A really common example of this is an Application Programming Interface which allows two “applications” to share useful data with each other over some transport while being platform-agnostic as to how this data is used. Like an API, there are other interesting kinds of abstractions – let’s peel back the abstraction between the language creator and language user by inventing syntax!

This involves a subtle shift in the paradigm used to understand computation, at the core is the idea of viewing computation as data.
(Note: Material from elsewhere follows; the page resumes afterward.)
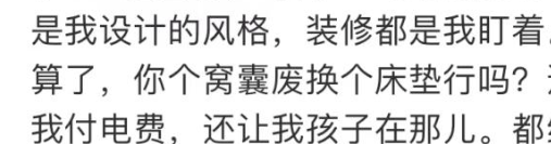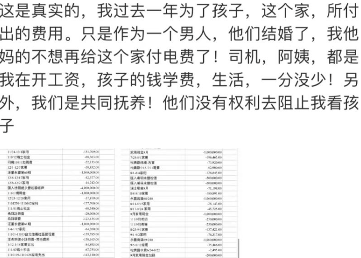 图片来源:微博截图,侵删 同时控诉,孩子是他们共同抚养的,自己一分钱都没少付,并不像网传的那般,所以他们是没有权利阻止自己去看望孩子们的。虽然汪的文字表达有些混乱,字里行间也都透露着激动情绪,但这并不妨碍网友们的解读。很快,这昔日的一对夫妻,便再次登上热搜。可还没等网友们从汪曝光的巨额的家庭花销中,缓过神儿来,他的第二波爆料便紧随其后。说现在前妻和现任丈夫所居住的那个房子是他购买的,现如今的房贷也是他在支付的,装修设计也都是他当时的风格。

I would guess for most people, the typical mental model when reading at first is mostly procedural, a top-down scan with familiarity of syntax and semantics, then another important shift occurs in understanding runtime execution with the introduction of concurrency and parallelism, here we’ll be peeling back at the layer between compile time and runtime.

Compile time occurs when program text is being “parsed and transformed” into many forms all the way to bits and runtime is when the program is actually executing ie “running”, in this paradigm of viewing programs as textual input to other programs and to the program itself while running, is known as metaprogramming.

This distinction between what is “compile” and “runtime” is a useful mental model illustrated here for simplicity, odds are what’s happening in your favorite language is probably more interesting! 1

Before we begin, a caveat. Although this technique applies broadly to most modern languages – implementations vary in feature parity, I’ll try to primarily include alternate examples with go’s reflection and rust’s macro system while providing nods to Cpython2, Ruby MRI 3 and some javascript 4 but not typescript 5

Computation is data

Consider for example the humble eval() function:

// javascript
console.log(eval('2 + 2'));
# python
print(eval('2 + 2'))
# ruby
puts eval('2 + 2')

The computation 2 + 2 is represented as data, in this case a string. That’s kind of neat isn’t it? however we can take this much futher. If you’re interested in further details of what’s happening here, checkout crafting interpreters.

Since programming languages contain all sorts of elements like expressions and statements, we need some way to hold information about what the program or computation is trying to do, this internal representation is most commonly known as an Abstract Syntax Tree.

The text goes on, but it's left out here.